▸ **EXERCISE DIRECTIONS**: With both ends included, repeat exactly the lines of the entries below from the one containing "ZHEJIANG WORKERS-PEASANTS-SOLDIERS FINE" down to the one containing "家庭バレーボール模 擬試合！", and no others.

[Records from a collection]
◆ ◆ ◆ ◆
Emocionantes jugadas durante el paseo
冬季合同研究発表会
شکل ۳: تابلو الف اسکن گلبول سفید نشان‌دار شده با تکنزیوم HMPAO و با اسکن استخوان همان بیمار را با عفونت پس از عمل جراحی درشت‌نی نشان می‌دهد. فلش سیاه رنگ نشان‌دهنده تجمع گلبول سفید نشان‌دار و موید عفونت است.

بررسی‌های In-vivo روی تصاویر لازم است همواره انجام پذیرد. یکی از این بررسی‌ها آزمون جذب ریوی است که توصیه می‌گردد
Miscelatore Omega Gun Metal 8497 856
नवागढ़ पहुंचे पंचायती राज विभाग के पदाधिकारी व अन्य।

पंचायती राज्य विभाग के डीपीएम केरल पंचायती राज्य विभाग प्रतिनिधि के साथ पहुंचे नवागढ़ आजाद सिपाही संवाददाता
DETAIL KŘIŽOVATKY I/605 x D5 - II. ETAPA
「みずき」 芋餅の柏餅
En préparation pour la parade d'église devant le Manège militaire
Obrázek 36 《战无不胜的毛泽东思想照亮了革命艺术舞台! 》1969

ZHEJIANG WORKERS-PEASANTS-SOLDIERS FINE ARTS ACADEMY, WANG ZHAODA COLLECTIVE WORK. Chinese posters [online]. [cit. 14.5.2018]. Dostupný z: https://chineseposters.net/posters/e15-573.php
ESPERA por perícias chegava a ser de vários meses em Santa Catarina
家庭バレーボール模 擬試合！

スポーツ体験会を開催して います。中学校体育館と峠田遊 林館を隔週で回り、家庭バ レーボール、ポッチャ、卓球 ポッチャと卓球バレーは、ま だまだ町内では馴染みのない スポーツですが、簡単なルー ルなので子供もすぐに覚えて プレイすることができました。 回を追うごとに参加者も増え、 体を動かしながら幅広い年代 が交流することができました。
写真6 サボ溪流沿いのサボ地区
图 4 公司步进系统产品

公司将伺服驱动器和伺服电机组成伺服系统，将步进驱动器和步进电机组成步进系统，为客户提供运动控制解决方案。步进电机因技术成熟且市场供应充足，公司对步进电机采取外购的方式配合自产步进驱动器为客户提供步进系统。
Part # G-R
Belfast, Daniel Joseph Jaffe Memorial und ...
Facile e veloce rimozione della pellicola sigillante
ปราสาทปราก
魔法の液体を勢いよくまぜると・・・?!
◆ ◆ ◆ ◆
▸ **YOUR SOLUTION**:
ZHEJIANG WORKERS-PEASANTS-SOLDIERS FINE ARTS ACADEMY, WANG ZHAODA COLLECTIVE WORK. Chinese posters [online]. [cit. 14.5.2018]. Dostupný z: https://chineseposters.net/posters/e15-573.php
ESPERA por perícias chegava a ser de vários meses em Santa Catarina
家庭バレーボール模 擬試合！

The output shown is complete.